Using a VirusTotal graph can help to reveal every communicating file with every domain discovered through the registration pattern search, as shown in Figure 5 below.

Figure 5. All communicating files with every additional domain identified.

URL to the VirusTotal Graph: https://www.virustotal.com/graph/embed/gd2c04407d9ba4b75b2ce73d6155d166d3ef75eaf29894ff5ac287c90400072bc?theme=dark

URL to the VirusTotal Collection: https://www.virustotal.com/gui/collection/2aa6b36a717be8bc49f7925434ca40f3ecb9f628414b491da3e985677508ca08/iocs

Lessons Learned

In conclusion, it is important for CTI analysts to closer inspect the attributes of the IOCs they come across. It is not uncommon for state-sponsored APT groups to make such mistakes when creating their infrastructure to launch attacks from.

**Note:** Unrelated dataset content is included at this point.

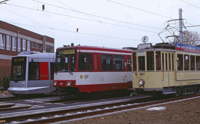 Drie generaties tram in Benrath. Foto: Han Duijve.

By exploiting this fact, CTI analysts can learn much more about the adversary’s targets, capabilities, and the behaviours of the humans themselves behind such campaigns.

The importance of this type of work was demonstrated in December 2023 when the US Treasury sanctioned members of the Russian APT group known as Callisto (aka Star Blizzard, BlueCharlie, COLDRIVER, GOSSAMER BEAR). The real world identity of Andrey Korinets was revealed after he was sanctioned for fraudulently creating and registering malicious domain infrastructure for Russian federal security service (FSB) spear phishing campaigns.